(Records from a collection)
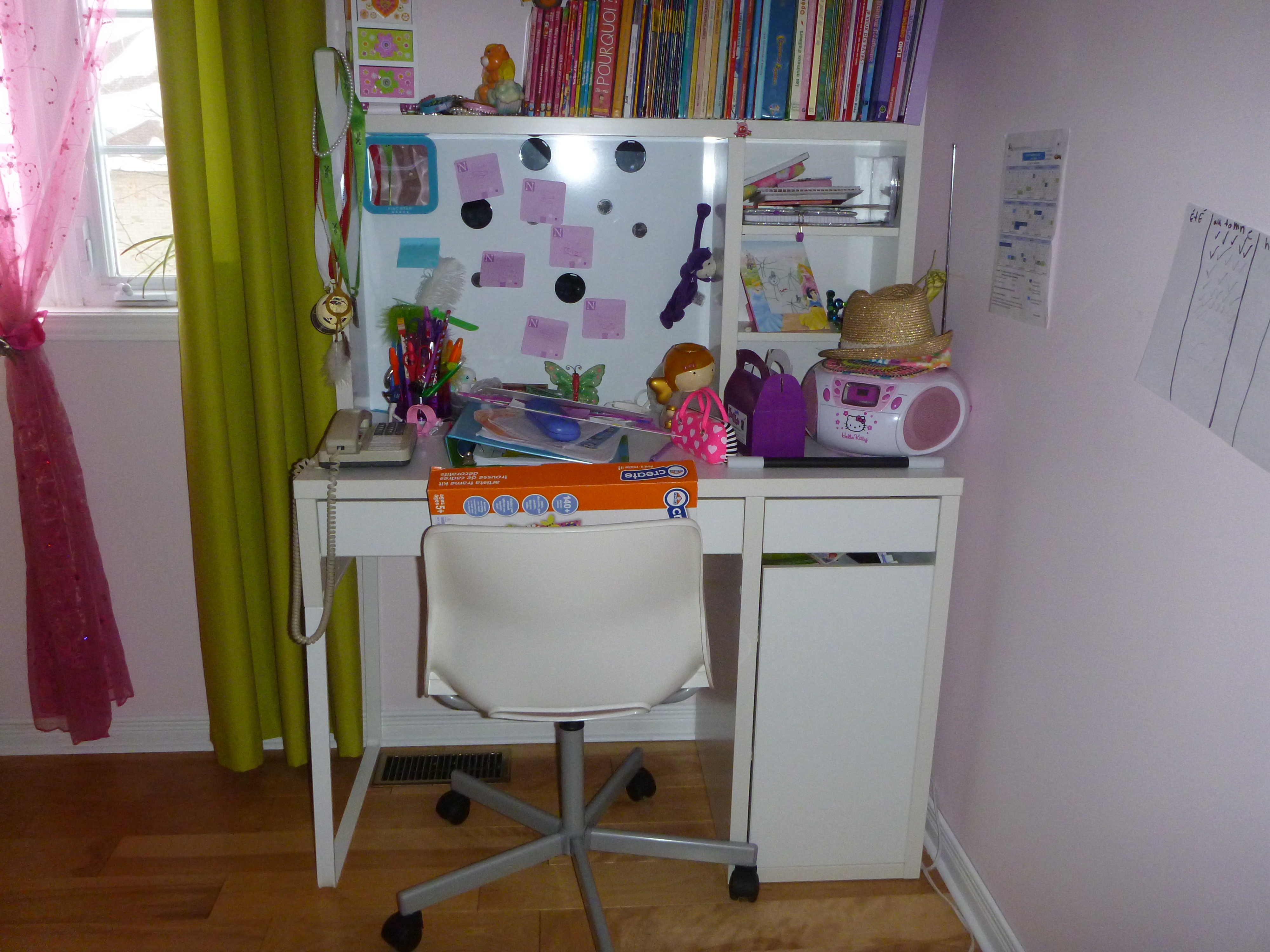 Meuble neuf, acheté avant l’époque des devoirs…  A par contre servi à maintes reprises comme meuble de “professeure” ou “directrice” d’école.
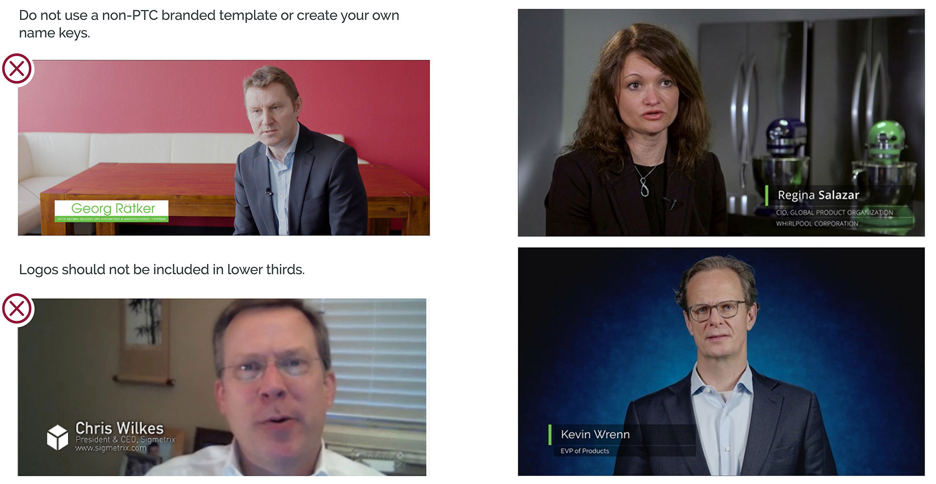 Identify individuals speaking on screen by name, title, and company using the branded FY22 Name Key Template. Placement of the graphic should be opposite from the onscreen talent. If talent is centered in the frame, place the name key on the left.
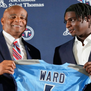 play Cam Ward says he is honored to wear Warren Moon’s No. 1 jersey (0:43) Warren Moon surprises Cam Ward at his introductory presser by permitting him to wear his…
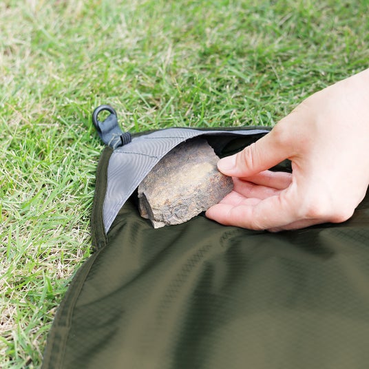 当商品は、バッグに取り付けて持ち運びが可能なサイズ・重さと、丈夫で撥水性のあるナイロン素材のため、様々なアウトドアシーンで使用が可能です。
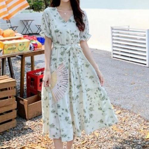 [신상오픈런]여성용 플로랄 패턴 허리 스트랩 쉬폰 반팔 롱드레스
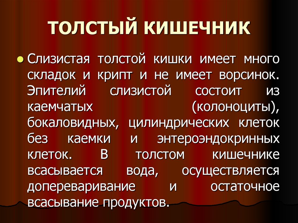 толстой кишки вырабатывается клетками

■ WORK INSTRUCTIONS:
Output all the records above again exactly, with the pictures dropped.

■ ANSWER SPACE:
 Meuble neuf, acheté avant l’époque des devoirs…  A par contre servi à maintes reprises comme meuble de “professeure” ou “directrice” d’école.
 Identify individuals speaking on screen by name, title, and company using the branded FY22 Name Key Template. Placement of the graphic should be opposite from the onscreen talent. If talent is centered in the frame, place the name key on the left.
 play Cam Ward says he is honored to wear Warren Moon’s No. 1 jersey (0:43) Warren Moon surprises Cam Ward at his introductory presser by permitting him to wear his…
 当商品は、バッグに取り付けて持ち運びが可能なサイズ・重さと、丈夫で撥水性のあるナイロン素材のため、様々なアウトドアシーンで使用が可能です。
 [신상오픈런]여성용 플로랄 패턴 허리 스트랩 쉬폰 반팔 롱드레스
 толстой кишки вырабатывается клетками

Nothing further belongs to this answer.